To address the reviewer's concern, we will include a more detailed discussion in the revised version.
[1] Chen, X., Hu, J., Li, L., & Wang, L. Efficient Reinforcement Learning in Factored MDPs with Application to Constrained RL. In International Conference on Learning Representations. (2021)
[2] Shen, Y., Sun, Y., Li, X., Eberhard, A., & Ernst, A. (2022, June). Enhancing column generation by a machine-learning-based pricing heuristic for graph coloring. In Proceedings of the AAAI conference on artificial intelligence (Vol. 36, No. 9, pp. 9926-9934).
[3] Saeed, A., Husnain, A., Zahoor, A., & Gondal, R. M. (2024). A comparative study of cat swarm algorithm for graph coloring problem: Convergence analysis and performance evaluation.

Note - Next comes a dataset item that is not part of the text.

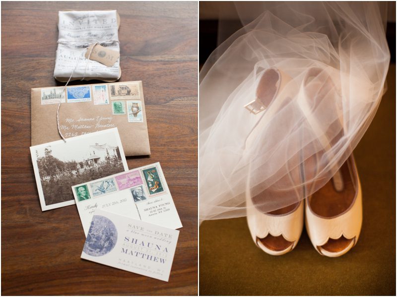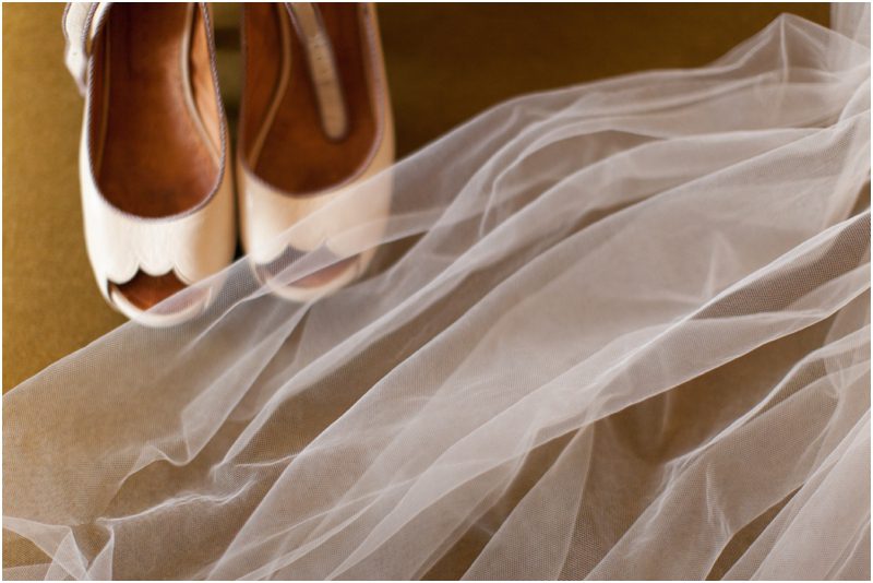 Bride’s accessories: shoes ~ Chie Mihara from BHLDN; veil ~ handmade by the bride; brooch ~ BHLDN; necklace ~ heirloom of the groom’s family; earrings~ vintage

International Journal of Innovative Research in Computer Science and Technology (IJIRCST), 12(4), 1-9.
[4] Dokeroglu, T., & Sevinc, E. (2021). Memetic Teaching–Learning-Based Optimization algorithms for large graph coloring problems. Engineering Applications of Artificial Intelligence, 102, 104282.
Q3: This paper studied tabular RL, where the state and action space are finite. Is it possible to consider infinite state space? Because it is most likely the case in real-world applications.

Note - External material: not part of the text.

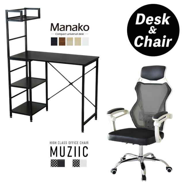 パソコンデスク オフィスチェア セット デスク チェア 在宅 テレワーク ラック 収納 木製 PC リクライニング 肘付き ハイバック 低反発 マナコ ムジーク2色 tm
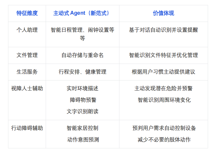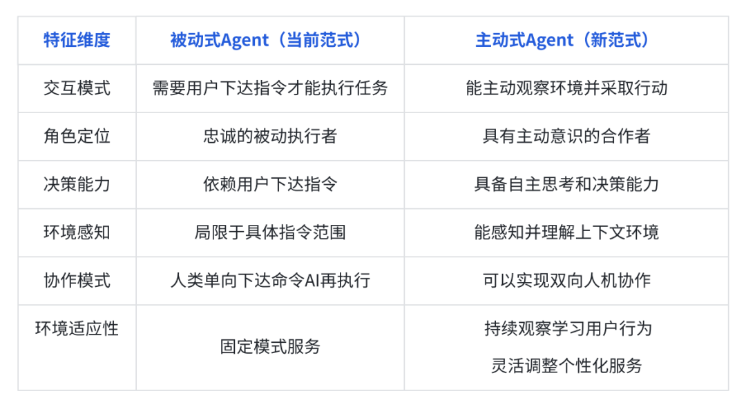 这一新范式下的 Agent 不再是简单的指令执行者,而是升级成为了具有"眼力见"的智能助手。它具备"眼中有活、主动帮助"的主观能动性,能够主动观察环境、预判用户需求,像"肚子里的蛔虫"一样,在未被明确指示的情况下主动帮用户排忧解难,主动 Agent 实现了从"被命令"到"会思考"的质的飞跃。

We thank the reviewer for their question. While our work focuses on the tabular setting to enable a clear theoretical understanding, we believe it can potentially be extended to MDPs with infinite (or continuous) state spaces. Specifically, the core structural insight—factored transition kernels—can naturally extend to continuous domains. For example, a discrete factorization can be analogously expressed in terms of transition densities as in the continuous case. However, working with MDPs with infinite (or continuous) state spaces presents other challenges, such as the potential unboundedness of the reward function (e.g., in the LQR setting in control). In addition, certain parameterizations (i.e., function approximation) might be required to ensure that Q-functions are updated infinitely often for each state-action pair. We view this as a promising direction for future work.

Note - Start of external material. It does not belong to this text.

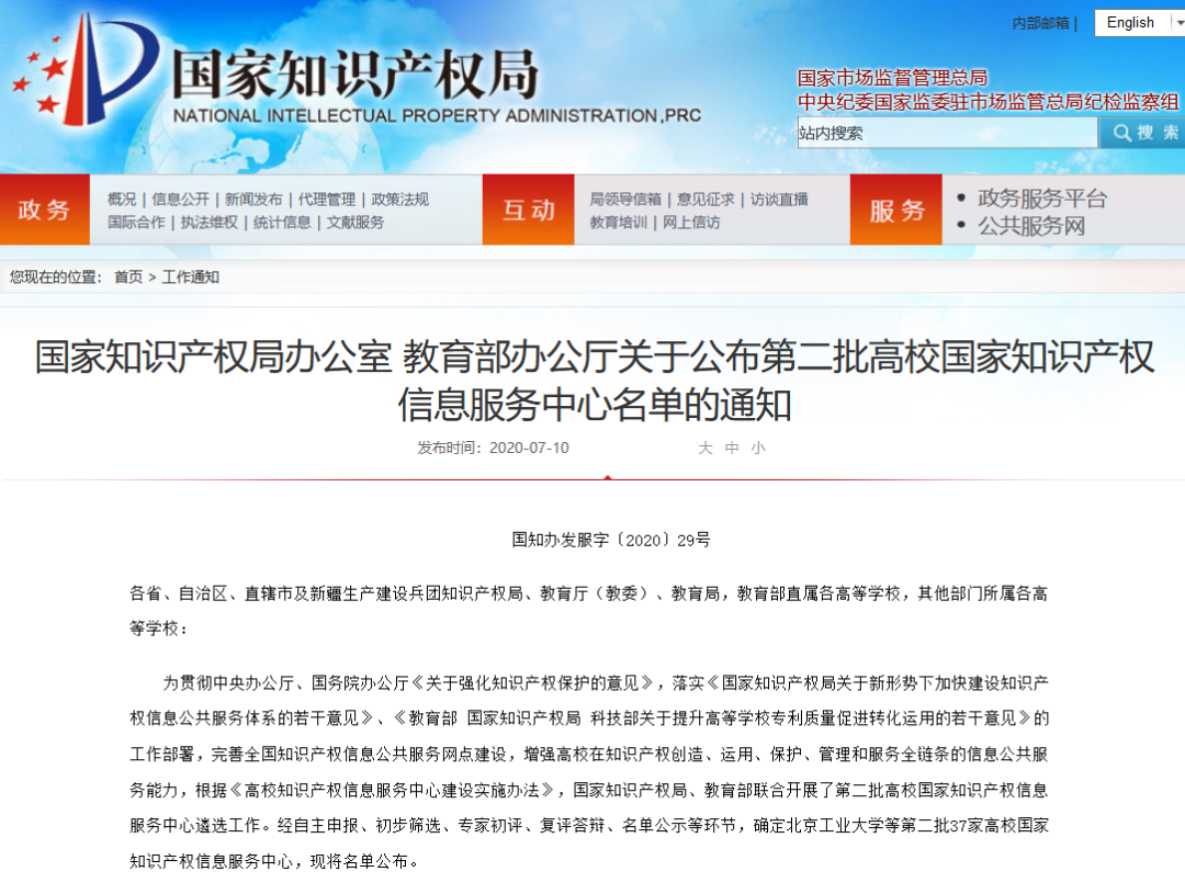 原标题:国家知识产权局办公室 教育部办公厅关于公布第二批高校国家知识产权信息服务中心名单的通知 导读:近日,国家知识产权局办公室 教育部办公厅关于公布第二批高校国家知识产权信息服务中心名单的通知。通知指出,国家知识产权局、教育部联合开展了第二批高校国家知识产权信息服务中心遴选工作。经自主申报、初步筛选、专家初评、复评答辩、名单公示等环节,确定北京工业大学等第二批37家高校国家知识产权信息服务中心,现将名单公布。

This paper presents a theoretical contribution to reinforcement learning in Factored Markov Decision Processes (FMDPs), introducing novel techniques aimed at improving sample efficiency and applicability. Reviewers recognized several key strengths: the development of an innovative synchronous sampling method, the formalization and handling of approximate factorizations (addressing model misspecification), and the derivation of strong theoretical results. The paper provides sample complexity bounds for both model-based and model-free algorithms (including variance reduction) that demonstrably improve upon state-of-the-art guarantees, with near-minimax rates achieved in the model-based setting. However, some weaknesses and concerns were also raised. The reliance on a generative model was noted as a potential limitation regarding practical RL scenarios by one reviewer. Another pointed out the absence of experimental validation within the main paper (though numerical results are in the appendix) and suggested a potentially incomplete discussion of related function approximation literature. Questions regarding the practical implementation (e.g., solving the sampling problem, computational complexity) and potential extensions (e.g., continuous spaces, unknown factorization) were also brought up. Despite these concerns, the overall sentiment is positive, leaning towards acceptance (2 Accepts, 2 Weak Accepts), based on the significance and solidity of the theoretical advancements for FMDPs.